__RECORDED DATA__.
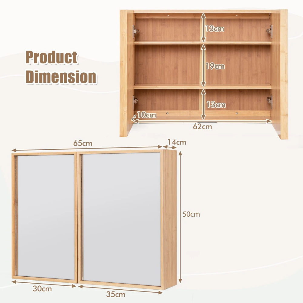 Double Door Bathroom Wall Cabinet with Mirror and Adjustable Shelves-Natural
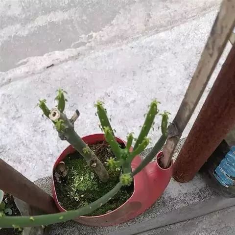 虎刺梅:别称铁海棠,是蔓生灌木植物。茎多分枝,长60-100厘米,直径5-10毫米,具纵棱,密生硬…
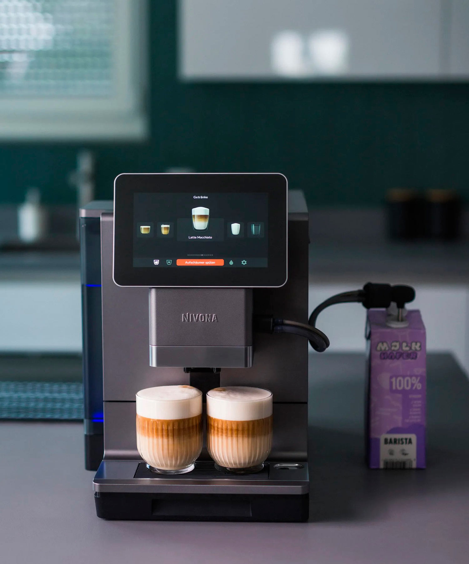 С автоматическим капучинатором Spumatore с запатентованной функцией OneTouch DUOplus, позволяющей готовить два капучино или латте макиато одновременно одним нажатием кнопки.

__TASK DIRECTIONS__.
With the pictures removed, write out exactly the lines from the line containing "虎刺梅:别称铁海棠,是蔓生灌" through the last line of the material above, both included.

__ANSWER TO THIS PROBLEM__.
 虎刺梅:别称铁海棠,是蔓生灌木植物。茎多分枝,长60-100厘米,直径5-10毫米,具纵棱,密生硬…
 С автоматическим капучинатором Spumatore с запатентованной функцией OneTouch DUOplus, позволяющей готовить два капучино или латте макиато одновременно одним нажатием кнопки.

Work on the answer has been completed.